Wheeler was the son of a journalist and was born in Codsall, Staffordshire, and raised in nearby Wolverhampton. He studied at the Wolverhampton College of Art, now Wolverhampton University, under Robert Emerson, between 1908 and 1912. In 1912 he won a scholarship to the Royal College of Art where he studied under Édouard Lantéri until 1917. Throughout the remainder of World War I, Wheeler was classified as unfit for active service and instead modelled artificial limbs for war amputees.
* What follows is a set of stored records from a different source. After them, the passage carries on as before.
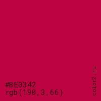 Цвет #BE0342 в цветовой модели RGB обозначается тремя октетами (190, 3, 66) в десятичном формате и #BE0342 в шестнадцатиричном (hex) формате, которые являются интенсивностью красного 190 (hex BE), интенсивность зелёного 3 (hex 03) и интенсивность синего 66 (hex 42).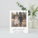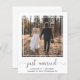 Chic budget-friendly elopement or private wedding announcement and reception invitation. The front features your wedding photo in a cut out square frame, "just married" in a stylish script with swashes and your first names and wedding date and location in modern typography. On the reverse side, you can personalize your wedding announcement, add a reception or celebration party invitation and sign your names in a signature-like script.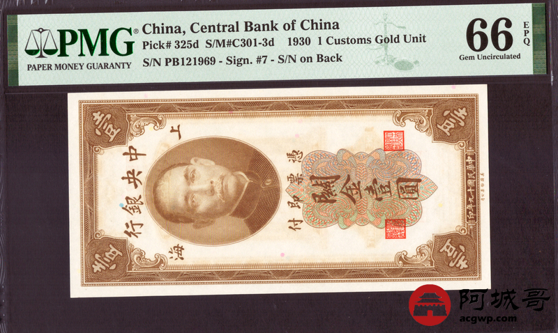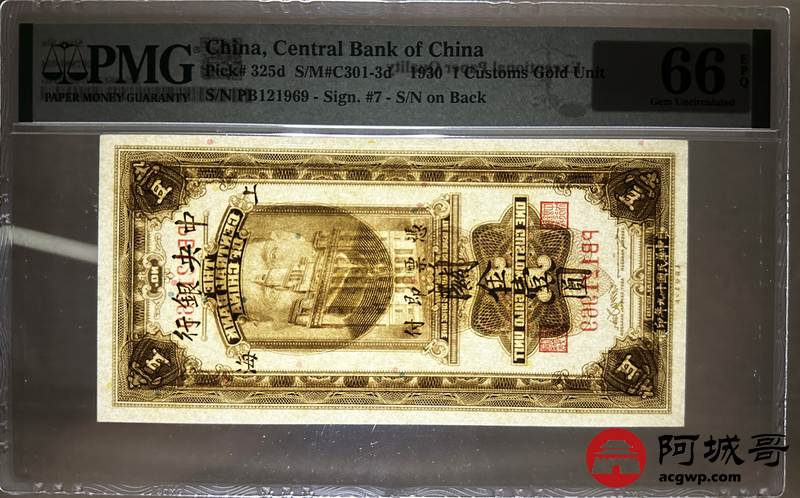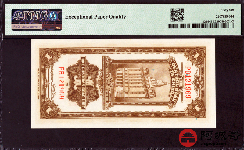 Lot:13 民国19年 中央银行 关金壹圆 上海地名 PMG 66EPQ 朦胧号

Wheeler came to specialize in portraits and architectural sculpture. From 1914 until 1970 he exhibited regularly at the Royal Academy and became a Fellow of the academy in 1940 and became its president in 1956. His tenure as RA president was controversial for the decision by the academy to sell the most valuable painting in its collection, the Leonardo da Vinci cartoon of The Virgin and Child with St Anne and St John the Baptist. The possibility that the painting might leave Britain caused a public outcry and eventually it was sold to the National Gallery. From 1942 to 1949, he served as a trustee of the Tate Gallery and in 1946 was a member of the Royal Fine Art Commission. In 1968 he wrote his autobiography, High Relief.
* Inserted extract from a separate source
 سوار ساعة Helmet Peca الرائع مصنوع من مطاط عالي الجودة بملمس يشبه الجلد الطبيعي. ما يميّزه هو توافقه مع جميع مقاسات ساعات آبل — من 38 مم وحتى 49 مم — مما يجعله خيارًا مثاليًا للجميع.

During the Second World War Wheeler was the only sculptor to be given full-time contracts by the War Artists' Advisory Committee. In both 1941 and 1942, Wheeler was commissioned to produce portrait busts of Admiralty figures. Due to material shortages and other issues, Wheeler produced only three bronze figures during the commission period.

==Personal life==
In 1918, Wheeler met Muriel Bourne, youngest daughter of A. W. Bourne, and a sculptor and painter herself at the time. They married and had two children, their son Robin and their daughter Carol.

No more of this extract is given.